→ **Your instructions**: For the listing that follows, give again exactly the lines from the one with "упаковку 10 шт" to the one with "лояльные властям СМИ.", including both.

Source records Start Marker

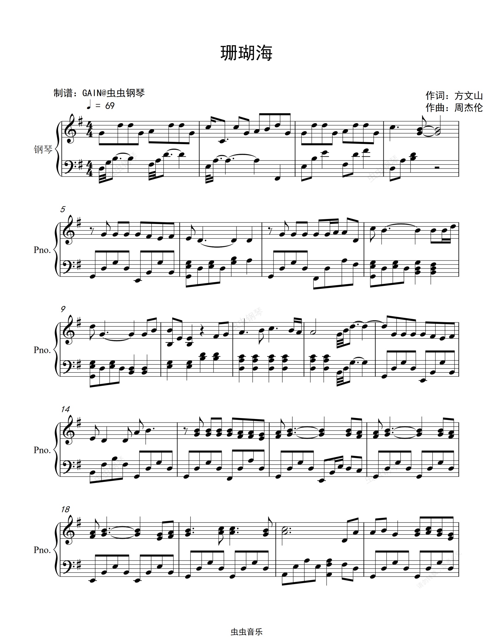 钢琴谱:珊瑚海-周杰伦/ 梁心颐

Source records End Marker
Source records Start Marker

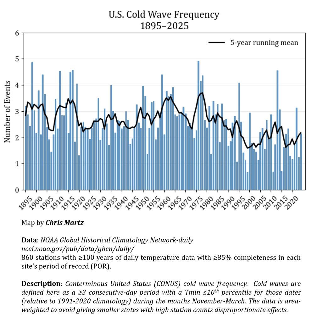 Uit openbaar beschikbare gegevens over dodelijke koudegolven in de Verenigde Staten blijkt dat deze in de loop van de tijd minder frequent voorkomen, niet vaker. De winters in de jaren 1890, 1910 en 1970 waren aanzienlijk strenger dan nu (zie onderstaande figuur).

Source records End Marker
Source records Start Marker

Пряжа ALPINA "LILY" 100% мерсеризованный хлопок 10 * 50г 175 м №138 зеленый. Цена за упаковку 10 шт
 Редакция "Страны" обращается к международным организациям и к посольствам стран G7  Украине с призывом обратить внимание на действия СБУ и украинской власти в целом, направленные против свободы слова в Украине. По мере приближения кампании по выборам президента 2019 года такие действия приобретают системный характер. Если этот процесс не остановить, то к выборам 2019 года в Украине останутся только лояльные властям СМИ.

Source records End Marker

→ **Result of the task**:
Пряжа ALPINA "LILY" 100% мерсеризованный хлопок 10 * 50г 175 м №138 зеленый. Цена за упаковку 10 шт
 Редакция "Страны" обращается к международным организациям и к посольствам стран G7  Украине с призывом обратить внимание на действия СБУ и украинской власти в целом, направленные против свободы слова в Украине. По мере приближения кампании по выборам президента 2019 года такие действия приобретают системный характер. Если этот процесс не остановить, то к выборам 2019 года в Украине останутся только лояльные властям СМИ.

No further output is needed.